Ведущий из библиотеки коридор привел бы наших безмолвных исследователей к комнатам г-жи и г-на Вин в западном крыле, если бы они продолжили свой осмотр в этом направлении. Вместо того полусекретная узкая лестница, спрятанная за поворотным книжным шкафом, вывела их по спирали на верхний этаж: она, с бледными ляжками, поднималась первой, шагая через ступень, а он на три крутых ступени позади нее.

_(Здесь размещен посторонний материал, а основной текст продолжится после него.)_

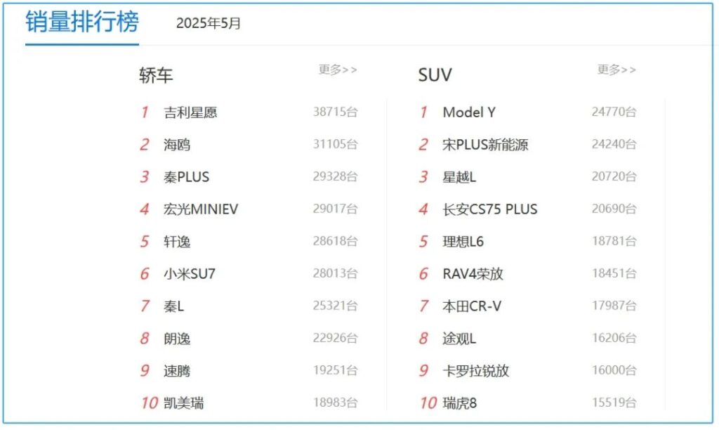 这两款车型的销量虽仅处于起步阶段,却已展现出不容忽视的潜力。相比之下,5月份榜单中那些上市超一年的“老选手”,若只是依赖过往积累的口碑和市场惯性“吃老本”,而不在技术革新、配置升级与用户体验优化上持续投入,被后来者赶超几乎成为必然趋势。

Спальни и смежные с ними помещения оказались более чем скромными, и Ван не мог не посетовать на то, что был, по-видимому, еще слишком юн, чтобы занять одну из двух гостевых комнат рядом с библиотекой. Оглядев отталкивающие предметы, которым предстояло окружать его во время одиночества летних ночей, он с ностальгией вспомнил роскошь своего дома. Все поражало его, все как будто предназначалось для униженного кретина: убогая монастырская кровать со средневековым изголовьем из грубой доски, произвольно скрипящий платяной шкап, низкий комод поддельного красного дерева с висячими звеньями ручек (одной не хватало), сундук для пледов и одеял (застенчивый перебежчик из бельевой) и старое бюро, подвижная куполообразная крышка которого была или заперта, или сломана; он нашел в одном из его бесполезных отделений отвалившуюся от комода ручку, которую отдал Аде, а та выбросила ее в окно. Ван никогда прежде не пользовался подставкой для полотенец, никогда не видел умывальника с кувшином, предназначенного для жилищ, лишенных ванных комнат. Круглое зеркало над раковиной было украшено золочеными гипсовыми гроздьями винограда, ветхозаветный змий вился по краю фарфорового таза (второй такой же имелся в одной из уборных девочек, отделенных коридором). Кресло с подлокотниками и высокой спинкой да табурет у кровати, на котором стояла пара медных подсвечников с держателем и чашечкой для жира (такую же пару он только что как будто видел в отражении – но где?), довершали худшую и главную часть смиренного инвентаря.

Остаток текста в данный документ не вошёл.